#### [Required action]
From the first line of the listing, copy each line exactly until you have included the line with "2 Griffvarianten stehen"; leave out the pictures.

Recorded information section start

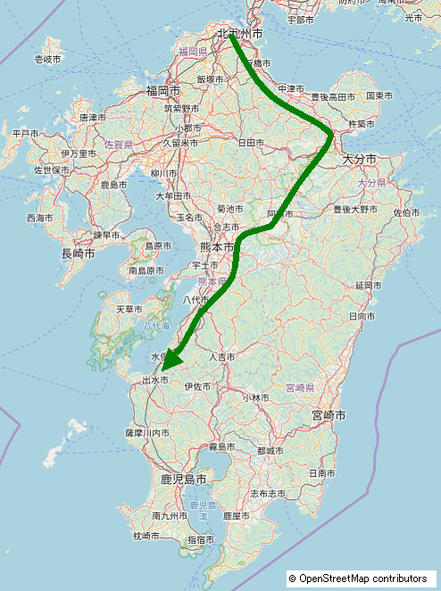 北九州折尾から出水市まで国道3号線を使えば一本道で行けますが、どうせ鹿児島に行くなら由布院から「やまなみハイウェイ」経由で行ったほうが楽しいだろうと思い、あえて遠回りして行くことにしました。
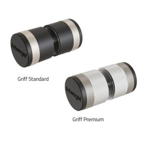 2 Griffvarianten stehen zur Verfügung. Die Zierteile des Griffes spiegeln die Farbe der Profile wider.
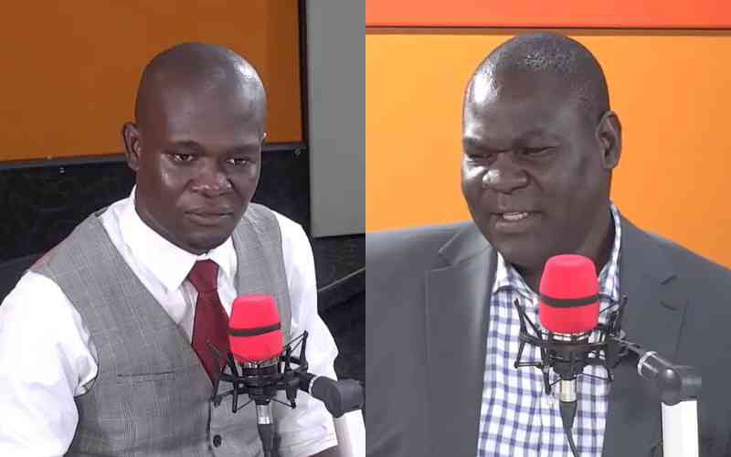 Odhiambo Otieno, a researcher and communication strategist, and Lawyer Duncan Ojwang’ during an interview on Spice FM on February 12, 2026. [Spice FM]

Recorded information section end

#### [Answer to this task]
 北九州折尾から出水市まで国道3号線を使えば一本道で行けますが、どうせ鹿児島に行くなら由布院から「やまなみハイウェイ」経由で行ったほうが楽しいだろうと思い、あえて遠回りして行くことにしました。
 2 Griffvarianten stehen zur Verfügung. Die Zierteile des Griffes spiegeln die Farbe der Profile wider.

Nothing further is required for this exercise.